* Entries shown:
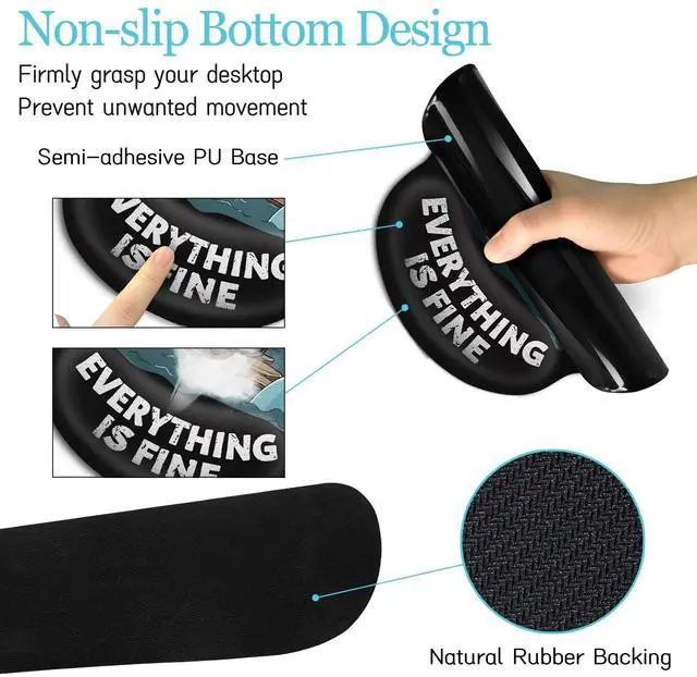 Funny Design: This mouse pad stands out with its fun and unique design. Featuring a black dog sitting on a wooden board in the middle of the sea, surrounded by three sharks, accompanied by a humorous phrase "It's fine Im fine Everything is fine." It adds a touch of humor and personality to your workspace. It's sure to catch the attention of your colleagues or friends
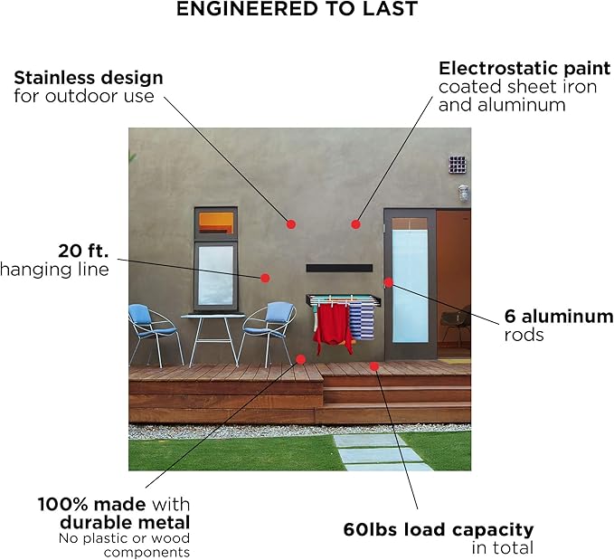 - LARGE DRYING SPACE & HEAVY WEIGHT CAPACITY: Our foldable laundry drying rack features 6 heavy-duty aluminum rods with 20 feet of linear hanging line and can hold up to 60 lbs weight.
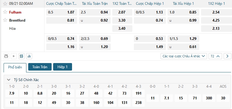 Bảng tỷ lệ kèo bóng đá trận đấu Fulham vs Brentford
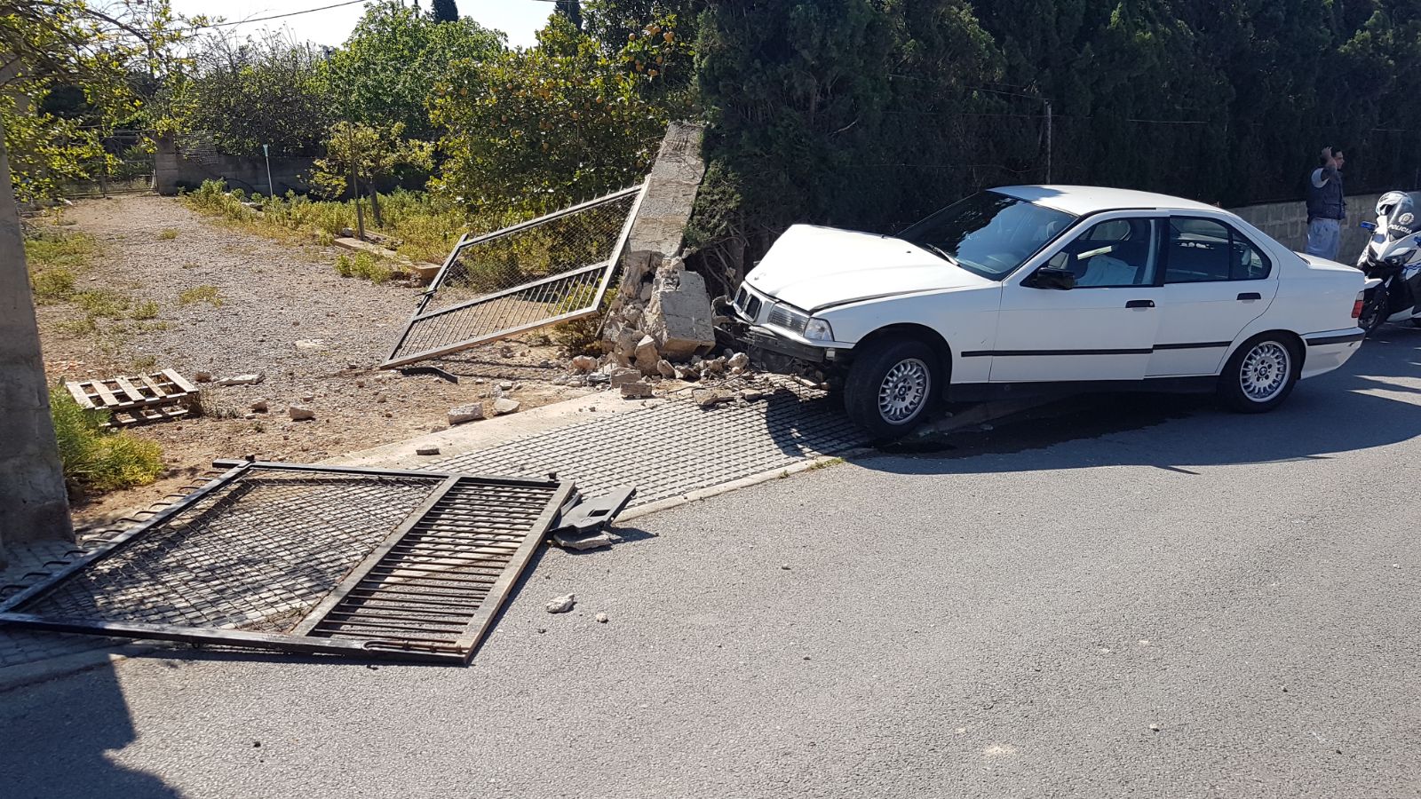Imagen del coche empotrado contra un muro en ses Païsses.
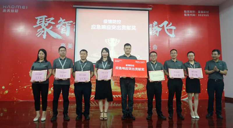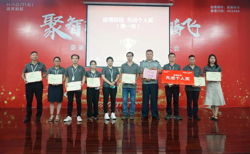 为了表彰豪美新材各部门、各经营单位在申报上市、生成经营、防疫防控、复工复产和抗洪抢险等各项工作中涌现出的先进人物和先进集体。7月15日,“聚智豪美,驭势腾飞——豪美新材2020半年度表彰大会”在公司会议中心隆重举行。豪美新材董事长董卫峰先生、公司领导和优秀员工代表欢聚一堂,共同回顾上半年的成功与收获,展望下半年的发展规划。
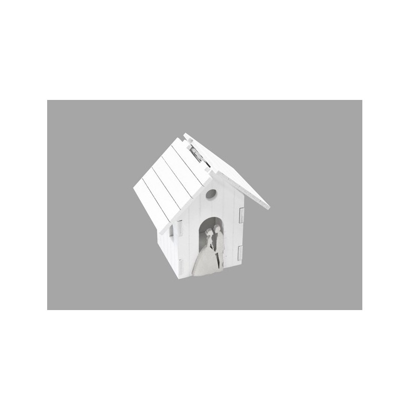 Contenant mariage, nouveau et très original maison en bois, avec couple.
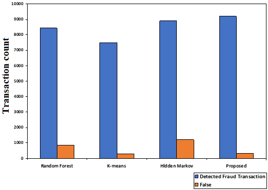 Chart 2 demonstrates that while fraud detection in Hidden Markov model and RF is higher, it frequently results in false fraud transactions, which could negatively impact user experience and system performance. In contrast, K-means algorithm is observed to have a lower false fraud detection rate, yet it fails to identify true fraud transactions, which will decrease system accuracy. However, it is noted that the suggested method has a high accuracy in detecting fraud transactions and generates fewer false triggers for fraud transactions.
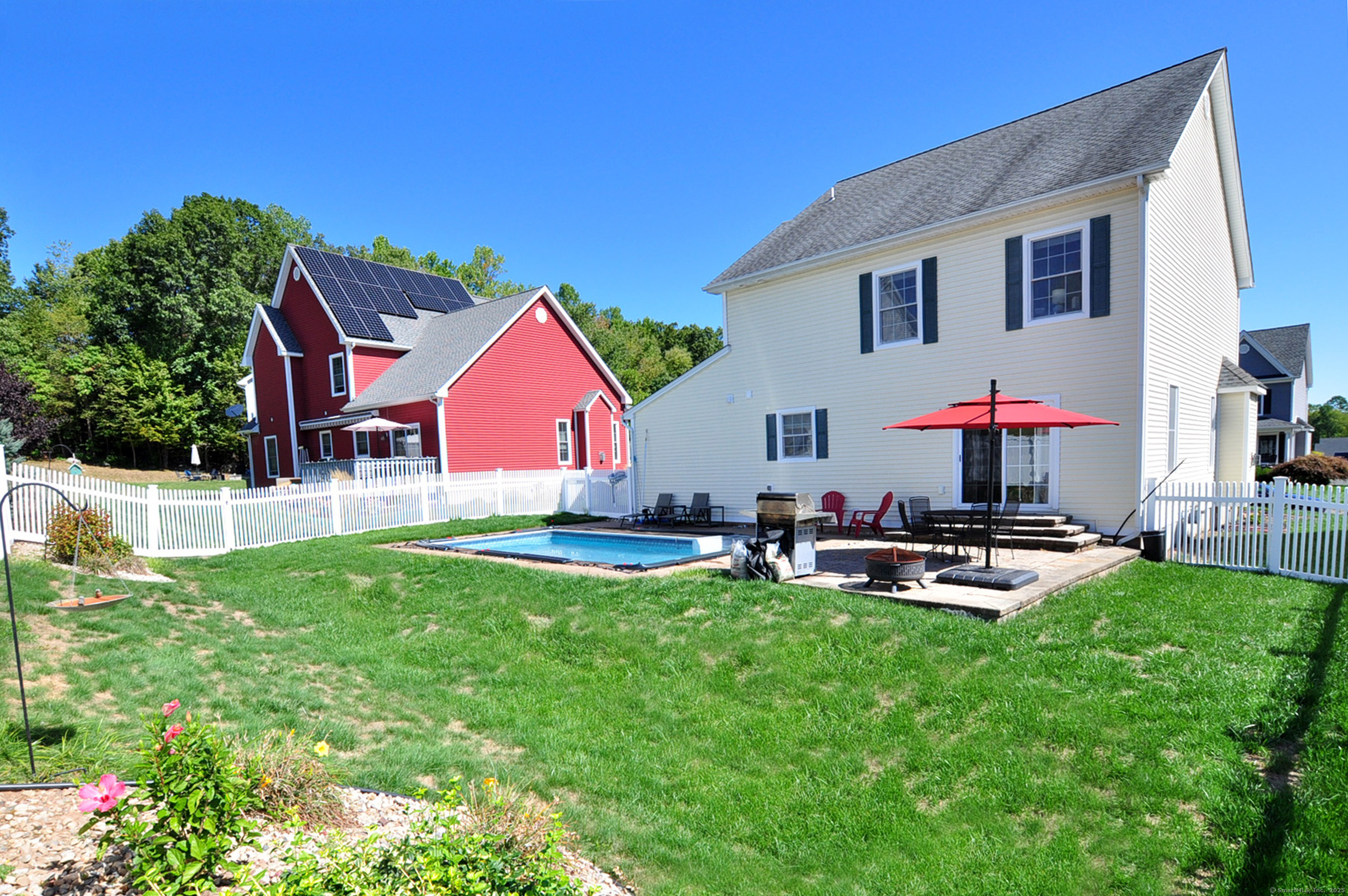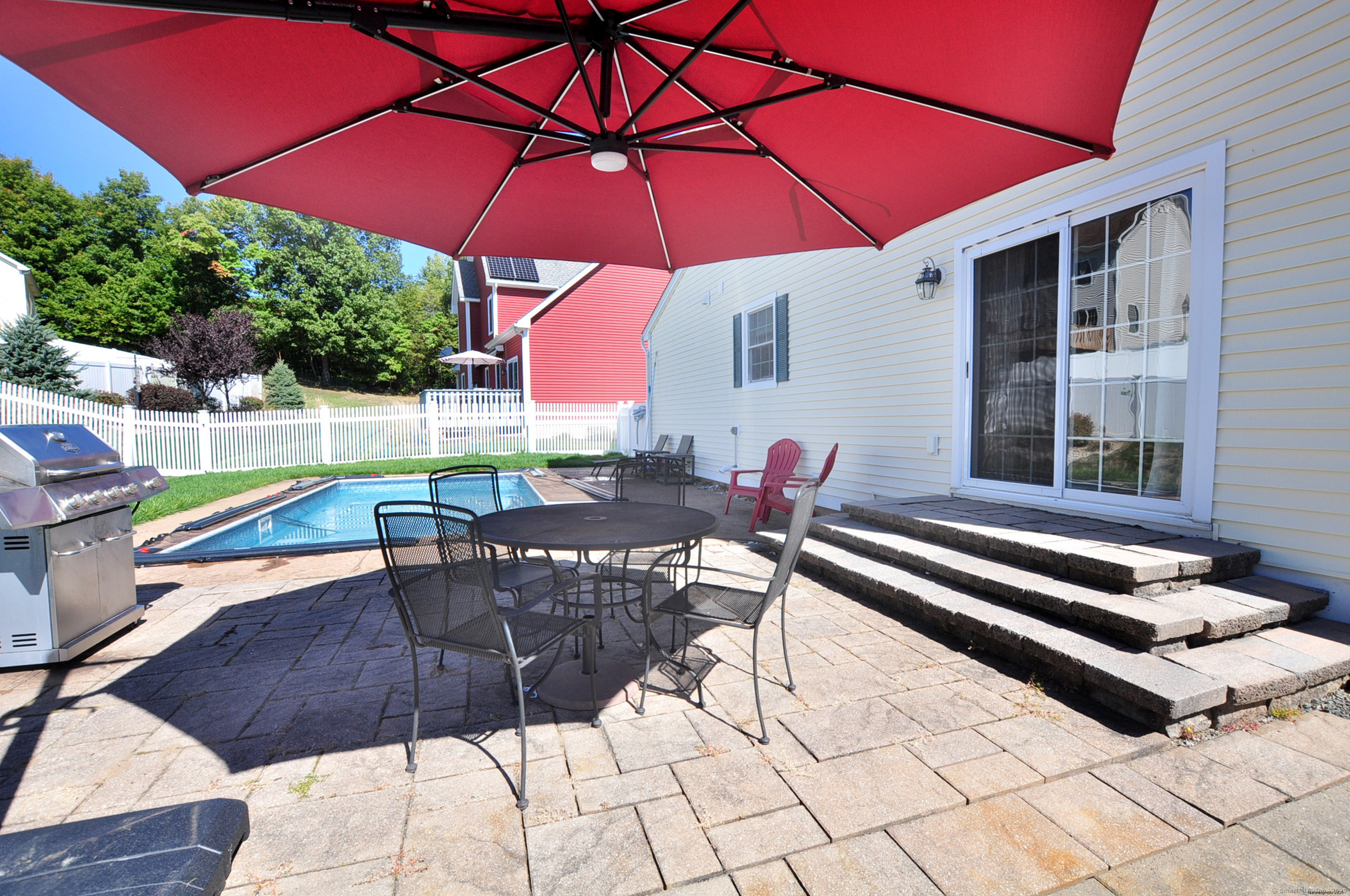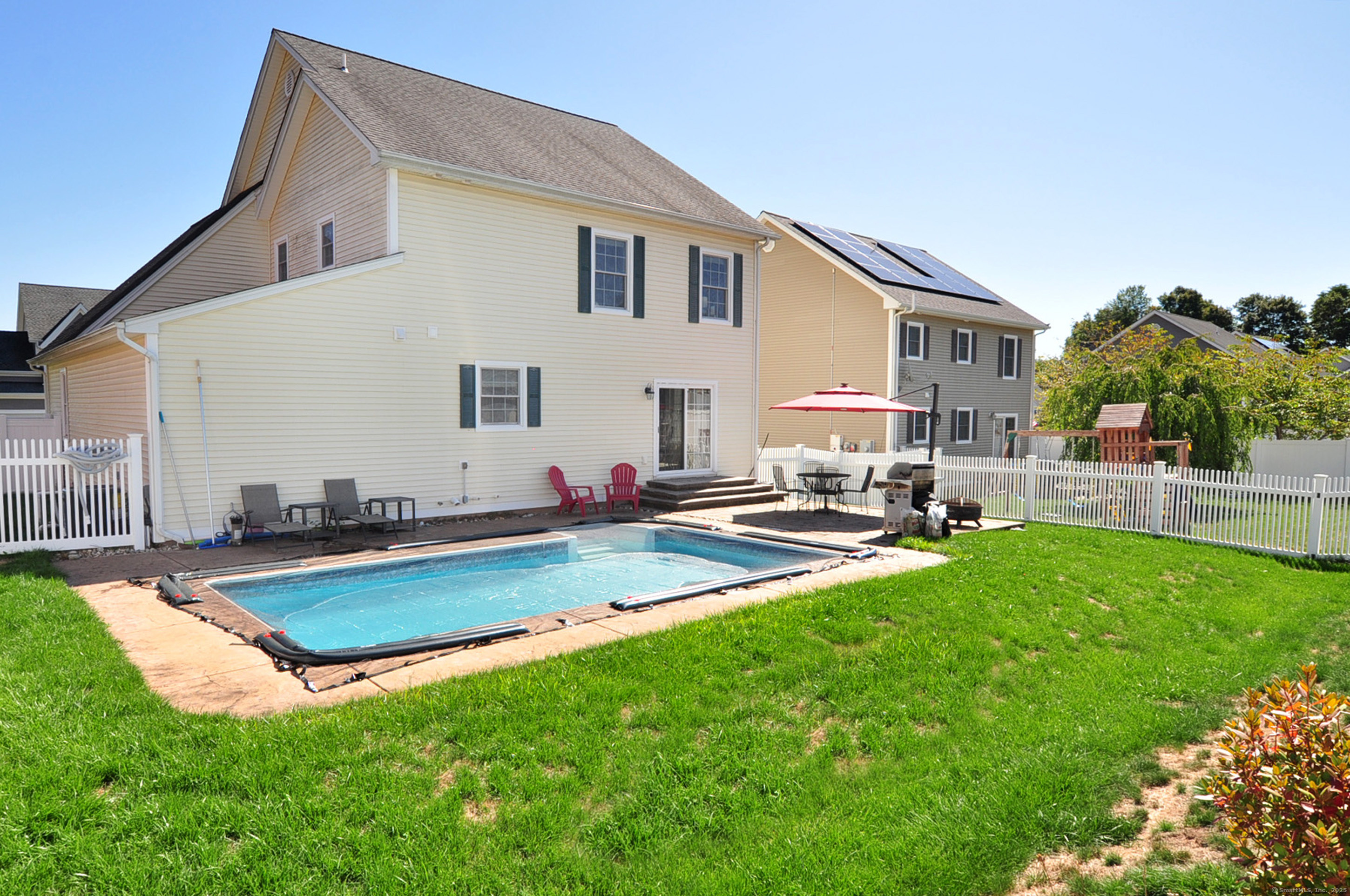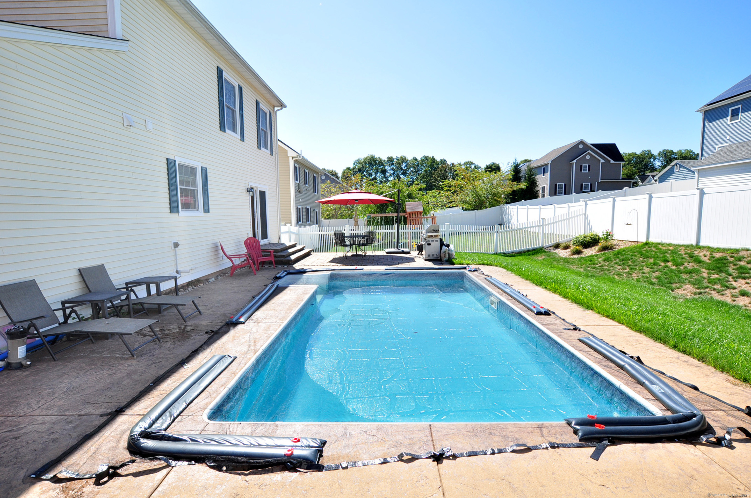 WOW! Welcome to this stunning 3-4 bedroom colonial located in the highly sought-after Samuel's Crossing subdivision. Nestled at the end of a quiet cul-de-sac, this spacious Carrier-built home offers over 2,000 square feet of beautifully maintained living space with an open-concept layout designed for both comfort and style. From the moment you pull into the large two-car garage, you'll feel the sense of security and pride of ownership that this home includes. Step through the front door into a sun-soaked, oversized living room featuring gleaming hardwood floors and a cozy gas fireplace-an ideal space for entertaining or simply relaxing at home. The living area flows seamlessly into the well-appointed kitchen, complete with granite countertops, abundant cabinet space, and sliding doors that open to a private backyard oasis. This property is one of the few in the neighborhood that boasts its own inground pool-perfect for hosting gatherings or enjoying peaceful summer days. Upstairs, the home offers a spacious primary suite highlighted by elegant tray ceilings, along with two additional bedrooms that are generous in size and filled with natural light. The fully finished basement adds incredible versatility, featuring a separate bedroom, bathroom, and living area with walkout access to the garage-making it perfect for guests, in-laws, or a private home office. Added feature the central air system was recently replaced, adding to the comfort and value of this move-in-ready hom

* Required action:
Leave the pictures out and return each entry exactly.

* Response to the task:
 Funny Design: This mouse pad stands out with its fun and unique design. Featuring a black dog sitting on a wooden board in the middle of the sea, surrounded by three sharks, accompanied by a humorous phrase "It's fine Im fine Everything is fine." It adds a touch of humor and personality to your workspace. It's sure to catch the attention of your colleagues or friends
 - LARGE DRYING SPACE & HEAVY WEIGHT CAPACITY: Our foldable laundry drying rack features 6 heavy-duty aluminum rods with 20 feet of linear hanging line and can hold up to 60 lbs weight.
 Bảng tỷ lệ kèo bóng đá trận đấu Fulham vs Brentford
Imagen del coche empotrado contra un muro en ses Païsses.
 为了表彰豪美新材各部门、各经营单位在申报上市、生成经营、防疫防控、复工复产和抗洪抢险等各项工作中涌现出的先进人物和先进集体。7月15日,“聚智豪美,驭势腾飞——豪美新材2020半年度表彰大会”在公司会议中心隆重举行。豪美新材董事长董卫峰先生、公司领导和优秀员工代表欢聚一堂,共同回顾上半年的成功与收获,展望下半年的发展规划。
 Contenant mariage, nouveau et très original maison en bois, avec couple.
 Chart 2 demonstrates that while fraud detection in Hidden Markov model and RF is higher, it frequently results in false fraud transactions, which could negatively impact user experience and system performance. In contrast, K-means algorithm is observed to have a lower false fraud detection rate, yet it fails to identify true fraud transactions, which will decrease system accuracy. However, it is noted that the suggested method has a high accuracy in detecting fraud transactions and generates fewer false triggers for fraud transactions.
 WOW! Welcome to this stunning 3-4 bedroom colonial located in the highly sought-after Samuel's Crossing subdivision. Nestled at the end of a quiet cul-de-sac, this spacious Carrier-built home offers over 2,000 square feet of beautifully maintained living space with an open-concept layout designed for both comfort and style. From the moment you pull into the large two-car garage, you'll feel the sense of security and pride of ownership that this home includes. Step through the front door into a sun-soaked, oversized living room featuring gleaming hardwood floors and a cozy gas fireplace-an ideal space for entertaining or simply relaxing at home. The living area flows seamlessly into the well-appointed kitchen, complete with granite countertops, abundant cabinet space, and sliding doors that open to a private backyard oasis. This property is one of the few in the neighborhood that boasts its own inground pool-perfect for hosting gatherings or enjoying peaceful summer days. Upstairs, the home offers a spacious primary suite highlighted by elegant tray ceilings, along with two additional bedrooms that are generous in size and filled with natural light. The fully finished basement adds incredible versatility, featuring a separate bedroom, bathroom, and living area with walkout access to the garage-making it perfect for guests, in-laws, or a private home office. Added feature the central air system was recently replaced, adding to the comfort and value of this move-in-ready hom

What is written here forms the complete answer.